= YOUR ASSIGNMENT =
Return each line exactly, from the one that has "Хотелът разполага с" through the end of the entries, both ends included. Pictures do not belong.

= RAW DATA =
• • •
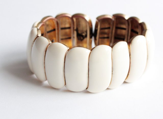 Kremowa bransoletka vintage pokryta emalią, od wewnętrznej strony w kolorze złotym. Bransoletka na gumce, rozmiar uniwersalny.
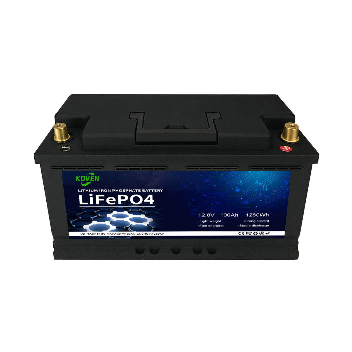 • Leggerezza e Potenza: Solo 11 kg di peso per una capacità di scarica continua di 100A. Più energia disponibile con meno della metà del peso di una batteria al piombo.
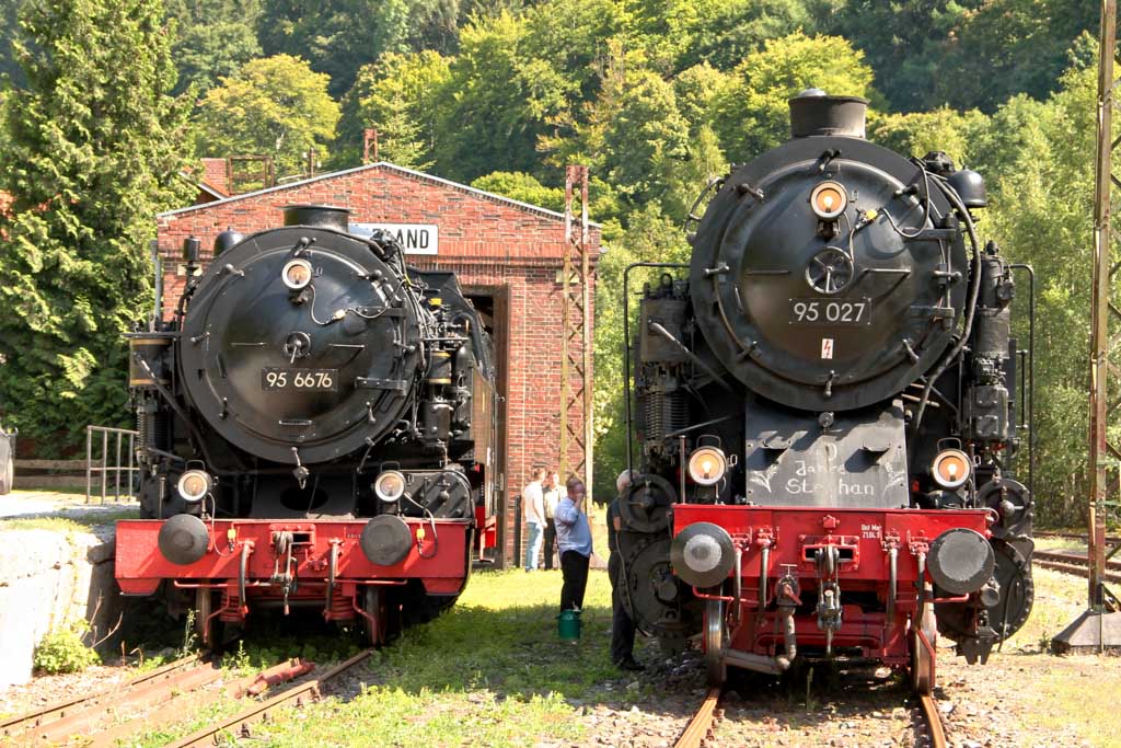 これらの機関車は、Preußenで開発された技術を用いつつも、デザインのいたるところに「来るべき制式機関車」の雰囲気をまとったものでした。写真左がその4両のうちの一つ、Mammut(マンモス)です。右はテストの結果を受けて開発・採用された Preußische T20 (のちに“Bergkönigin”(山の女王)と呼ばれたBR95)です。
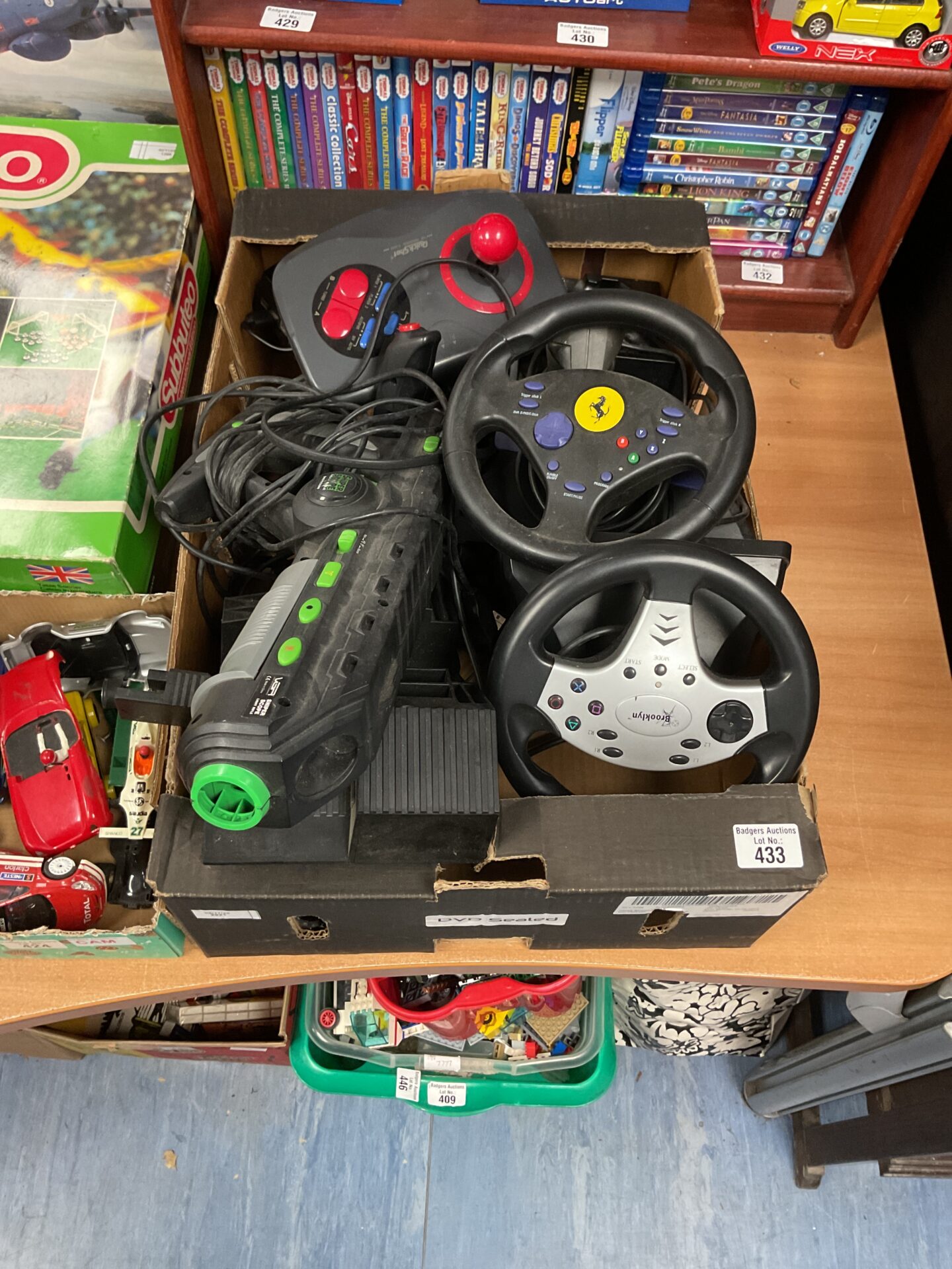 The condition of the steering wheels appears varied, with some showing signs of use and wear. This lot would be of interest to collectors of gaming peripherals, enthusiasts of racing games, or those looking for vintage gaming accessories. The collection offers a glimpse into the evolution of gaming control technology.
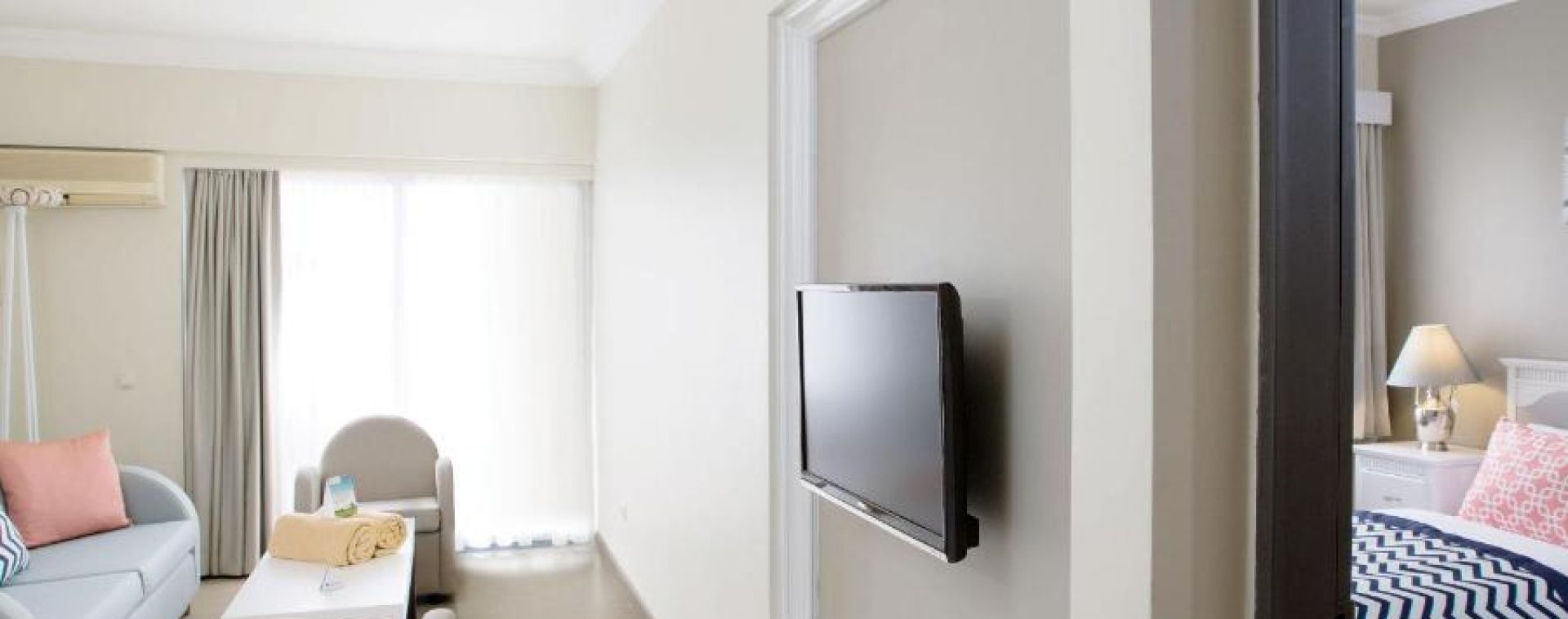 Хотелът разполага с 75 стаи, от които 24 Pool Side Suites (41 м2), 48 Land Side Suites (41 м2), 3 Junior Suites (41 м2). Всички стаи са оборудвани с климатик, телевизор, телефон, баня с душ/вана, сешоар, сет за чай/кафе, минибар (платен), сейф, Wi-Fi интернет. Почистване на стаите – всеки ден, смяна на спалното бельо и кърпите – 2 пъти в седмицата.
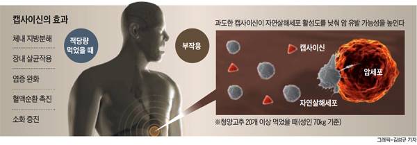 매운맛을 내는 대표성분은 '캡사이신'이다. 캡사이신은 몸 안에 통증수용단백질(TRPV1)과 결합해 통증과 열·땀을 유발시킨다. 그동안 캡사이신은 몸속 지방 분해, 장내 살균 작용, 염증 치료 등 긍정적인 성분으로 알려져 왔다. 하지만 캡사이신도 과도하게 섭취하면 문제가 될 수 있다. 울산의대 의생명과학 김헌식 교수는 "캡사이신 자체가 발암물질은 아니지만 과도하게 섭취하면 암 발생을 높이는 역할을 할 수 있다"고 말했다.
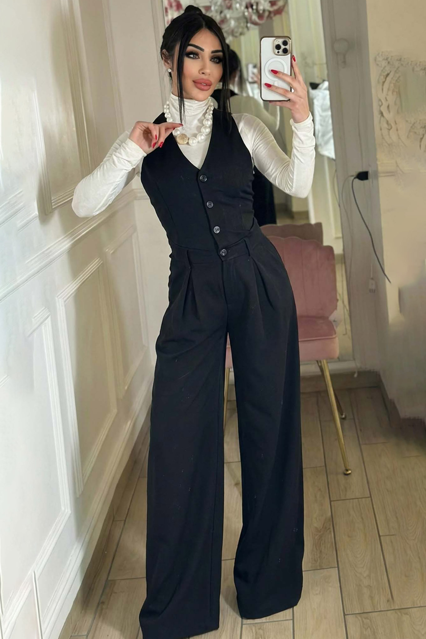 Ολόσωμη Φόρμα που συνδυάζει την αυστηρότητα ενός κοστουμιού με τη θηλυκότητα μιας μοντέρνας σιλουέτας. Σχεδιασμένη για τη γυναίκα που θέλει να ξεχωρίζει με το στυλ της από το πρωί έως το βράδυ.
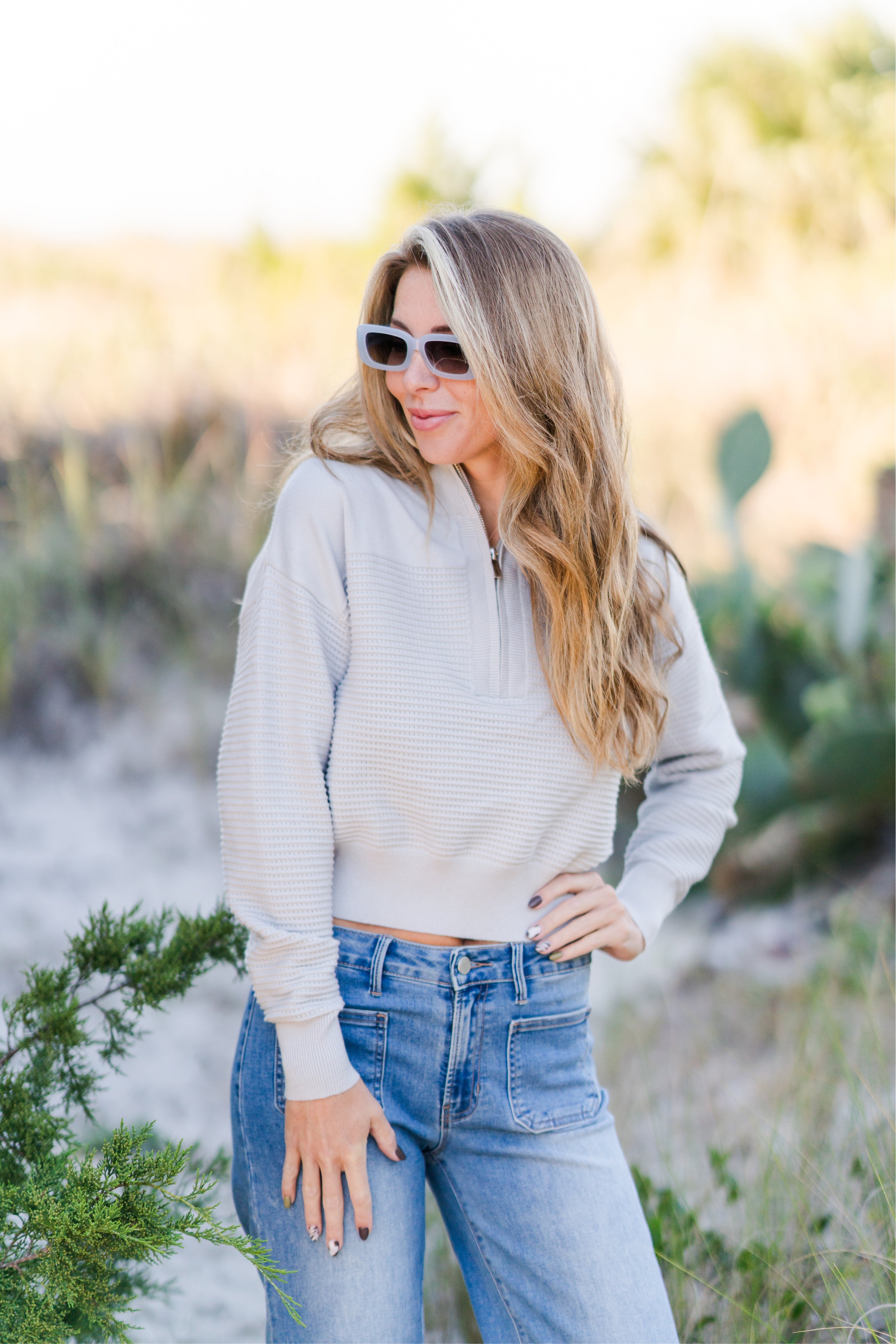 This waffle knit quarter zip pullover is a cozy essential with a modern touch. Featuring a textured knit body, stand collar, and zip neckline, it offers both style and versatility.
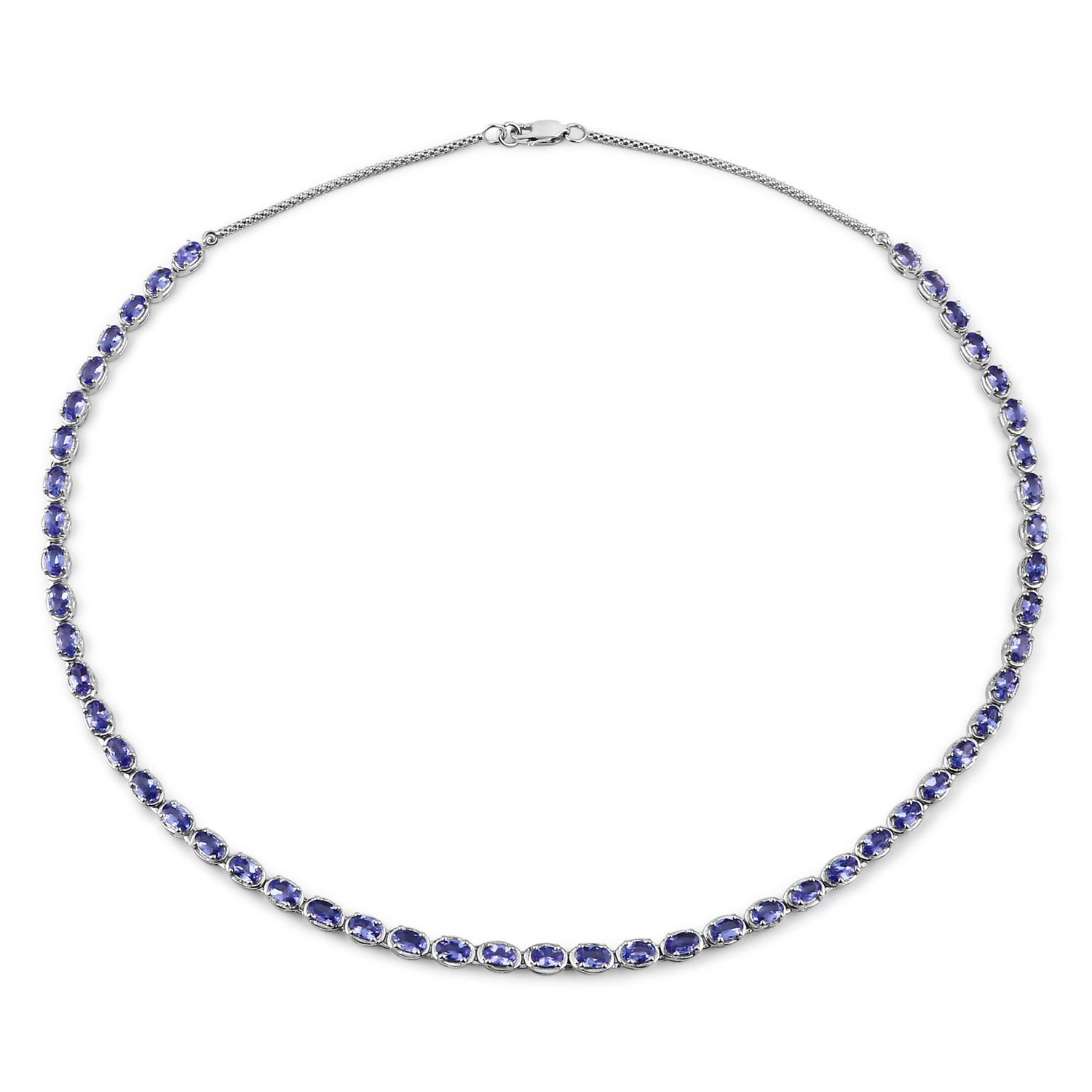One Sterling Silver 10ct Tanzanite Necklace. (53) tanzanite stones with a total weight of 10cts. Total length of this necklace is 18 inches.
• • •
= TASK ANSWER =
 Хотелът разполага с 75 стаи, от които 24 Pool Side Suites (41 м2), 48 Land Side Suites (41 м2), 3 Junior Suites (41 м2). Всички стаи са оборудвани с климатик, телевизор, телефон, баня с душ/вана, сешоар, сет за чай/кафе, минибар (платен), сейф, Wi-Fi интернет. Почистване на стаите – всеки ден, смяна на спалното бельо и кърпите – 2 пъти в седмицата.
 매운맛을 내는 대표성분은 '캡사이신'이다. 캡사이신은 몸 안에 통증수용단백질(TRPV1)과 결합해 통증과 열·땀을 유발시킨다. 그동안 캡사이신은 몸속 지방 분해, 장내 살균 작용, 염증 치료 등 긍정적인 성분으로 알려져 왔다. 하지만 캡사이신도 과도하게 섭취하면 문제가 될 수 있다. 울산의대 의생명과학 김헌식 교수는 "캡사이신 자체가 발암물질은 아니지만 과도하게 섭취하면 암 발생을 높이는 역할을 할 수 있다"고 말했다.
 Ολόσωμη Φόρμα που συνδυάζει την αυστηρότητα ενός κοστουμιού με τη θηλυκότητα μιας μοντέρνας σιλουέτας. Σχεδιασμένη για τη γυναίκα που θέλει να ξεχωρίζει με το στυλ της από το πρωί έως το βράδυ.
 This waffle knit quarter zip pullover is a cozy essential with a modern touch. Featuring a textured knit body, stand collar, and zip neckline, it offers both style and versatility.
One Sterling Silver 10ct Tanzanite Necklace. (53) tanzanite stones with a total weight of 10cts. Total length of this necklace is 18 inches.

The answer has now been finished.